Le magazine est publié sur internet (il n’y a pas de version papier) deux fois par an, mi avril et mi octobre.  Le premier numéro a été publié en 2005.

Nous sommes un groupe à géométrie variable, bien dans la logique internet de notre époque, à la fois souple et informel.

Interview de Jetsunma Tenzin Palmo

Question : Pouvez-vous nous parler de l’importance de pratiquantes émérites dans le Bouddhisme Tibetain ?

Jetsunma Tenzin Palmo : Comme dans la plupart des institutions religieuses, le bouddhisme Tibétain est exprimé par une voix masculine prédominante. Les livres sont écrits par des hommes, presque toutes les lignées sont masculines, tous les exemples qu’on nous propose sont des hommes. S’ils disent : « Oh, mais il y a des grandes pratiquantes » et vous dites : « bon, très bien, où ? », ils répondent : « Ah mais il y a Yeshe Tsogyal, au 8ème siècle, il y a Machik Lapdron, au 11ème siècle, et il y a Jomo Manmo au 13ème siècle. » C’est facile, dès que vous avez terminé de les énumérer sur une seule main, vous n’avez plus d’autres exemples, alors que les hommes sont aussi nombreux que les étoiles dans le ciel. À notre époque, ce n’est plus acceptable. Les femmes aussi doivent avoir une voix, qui est très distincte et, pour établir un équilibre dans le Dharma, ces voix doivent être entendues. »

Extrait de « Into the Heart of Life » Traduction Bouddhisme au féminin

Ailleurs, Jetsunma a écrit : « c’est pourquoi il est plus important à notre époque, pour aider le monde, de renaître dans le corps d’une femme. »

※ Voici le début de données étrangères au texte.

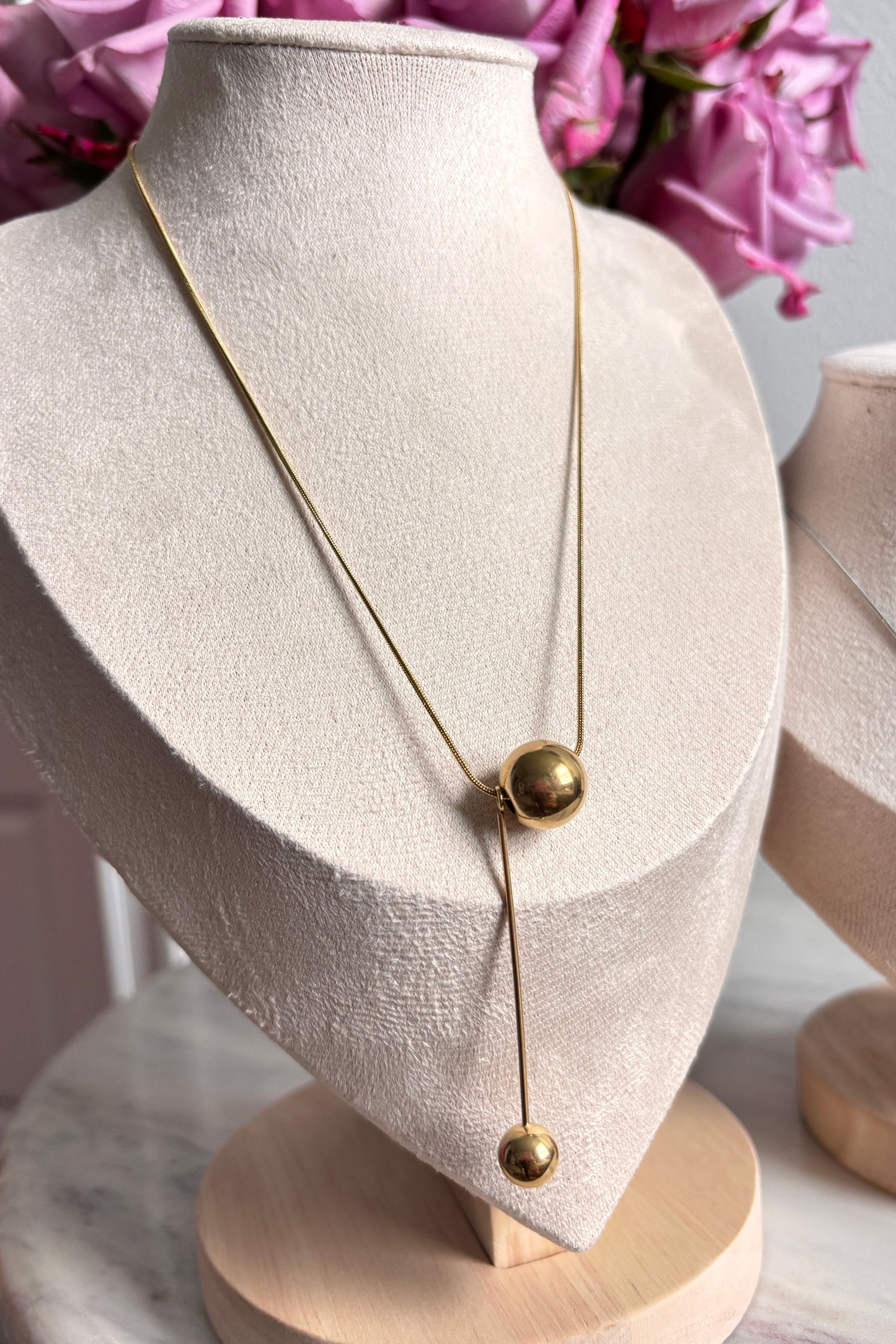SNAKE CHAIN BALL NECKLACE 18K GOLD STAINLESS STEEL

Il y a déjà maintenant plus d’une dizaine d’année, dans plusieurs forums, quelques unes d’entre nous ont eu l’occasion d’échanger sur le bouddhisme en général et sur le bouddhisme et les femmes en particulier. Ce qui nous reliait, c’est que nous avions toutes une conscience aigüe de l’absence de parole féminine dans les textes bouddhiques d’abord, mais aussi dans les médias comme Bouddhisme Actualités et à l’époque Voix bouddhistes sur France 2, ainsi que sur les différents sites Internet.

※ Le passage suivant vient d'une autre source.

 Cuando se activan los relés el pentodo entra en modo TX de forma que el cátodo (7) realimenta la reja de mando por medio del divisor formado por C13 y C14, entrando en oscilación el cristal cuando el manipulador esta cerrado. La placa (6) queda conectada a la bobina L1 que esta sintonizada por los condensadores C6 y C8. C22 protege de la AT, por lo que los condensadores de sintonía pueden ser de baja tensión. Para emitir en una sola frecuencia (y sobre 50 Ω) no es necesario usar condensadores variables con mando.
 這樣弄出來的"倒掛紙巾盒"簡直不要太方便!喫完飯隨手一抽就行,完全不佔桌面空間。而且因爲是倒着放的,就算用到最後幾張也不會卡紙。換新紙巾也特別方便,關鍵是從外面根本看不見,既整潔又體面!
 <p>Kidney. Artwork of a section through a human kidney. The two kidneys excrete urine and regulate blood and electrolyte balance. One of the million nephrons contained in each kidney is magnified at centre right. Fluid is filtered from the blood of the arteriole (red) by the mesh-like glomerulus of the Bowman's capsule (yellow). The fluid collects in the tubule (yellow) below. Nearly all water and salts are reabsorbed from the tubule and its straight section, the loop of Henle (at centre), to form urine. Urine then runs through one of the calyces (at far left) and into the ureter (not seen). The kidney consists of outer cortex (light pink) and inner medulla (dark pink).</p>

Nous ne nous connaissions que par emails, mais nous avions un désir commun, trouver et faire connaitre des modèles de femmes qui inspirent notre pratique. C’est l’ouvrage sur Tenzin Palmo, « un ermitage dans la neige » qui a été le déclencheur. Nous voulions faire connaitre cette femme qui a passé douze ans dans un ermitage à quatre mille mètres d’altitude et aussi nous retrouvions dans son témoignage les barrières « invisibles » dressées contre la pratique des femmes.

Après quelques tentatives de blogs, l’idée d’un magazine sur internet a mûri et nous nous sommes lancées dans l’aventure. Un noyau s’est peu à peu constitué, toujours par Internet, sans d’autres liens que notre intérêt commun et sans préoccupations géographiques. L’une de nos traductrices habite la Finlande, d’autres amies sont au Canada, en Belgique ou dans diverses régions de France.

Tous les sujets qui touchent aux femmes et au bouddhisme sont les bienvenus. Les lectrices (et les lecteurs) peuvent proposer des articles, une contribution, un lien, un site, un livre, un film, etc.
Au fil des numéros, certaines participent brièvement, d’autres se sont en quelque sorte « spécialisées » dans une rubrique. Nous trouvons souvent du matériel auprès des femmes bouddhistes américaines qui publient et prennent la parole plus que les Françaises. D’ailleurs, notre page Facebook a été lancée par une amie de Suisse romande qui vit aux États Unis.

Nos objectifs ?

Nous vivons dans un monde de tradition chrétienne. Certes, la religion chrétienne est loin d’être exempte de discrimination, mais il y a une grande tradition de figures mariales, de saintes élevées au rang de « docteurs » de l’Église telles Térèse d’Avila, Thérèse de Liseux, des textes et des témoignages d’expériences spirituelles de femmes.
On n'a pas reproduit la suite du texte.